Here the job is to retype the data word for word while leaving the pictures aside.
BEGIN PROVIDED RECORDS
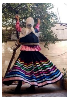
تصویر ۳. رقص با لیوان

نیاکان خویش (مسلمان کردن فرزند) و شادمانی افراد حاضر در ضیافت می‌رقصند (لنگرودی، ۱۳۹۸: ۳۵).
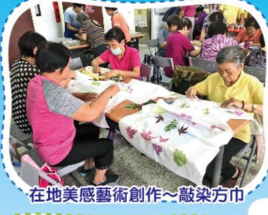
在地美感藝術創作~敲染方巾
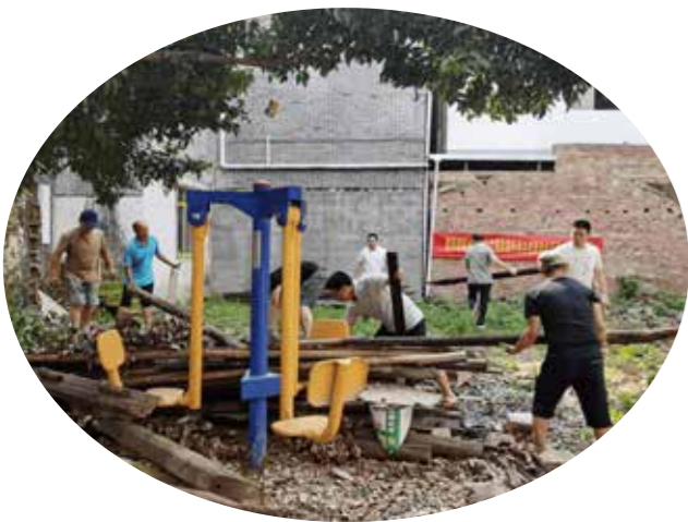
基层干部和群众在清理建筑垃圾

长期以来，我国乡镇建设将主要精力集中于完善服务业的基础设施，对于垃圾处理等环保设施建设投入不足。而民族地区由于资金、人员有限，基层环境管理机构比较薄弱，缺乏相应的配套设施管理，环境执法人员素质偏低，社会组织和民众参加污染防治法规知识的宣传、环保执行行动和调查的机制较少，缺乏生态公益诉讼和社会环保机构运行的相关规章制度。
END PROVIDED RECORDS
§ **RESPONSE BELOW**
تصویر ۳. رقص با لیوان

نیاکان خویش (مسلمان کردن فرزند) و شادمانی افراد حاضر در ضیافت می‌رقصند (لنگرودی، ۱۳۹۸: ۳۵).
在地美感藝術創作~敲染方巾
基层干部和群众在清理建筑垃圾

长期以来，我国乡镇建设将主要精力集中于完善服务业的基础设施，对于垃圾处理等环保设施建设投入不足。而民族地区由于资金、人员有限，基层环境管理机构比较薄弱，缺乏相应的配套设施管理，环境执法人员素质偏低，社会组织和民众参加污染防治法规知识的宣传、环保执行行动和调查的机制较少，缺乏生态公益诉讼和社会环保机构运行的相关规章制度。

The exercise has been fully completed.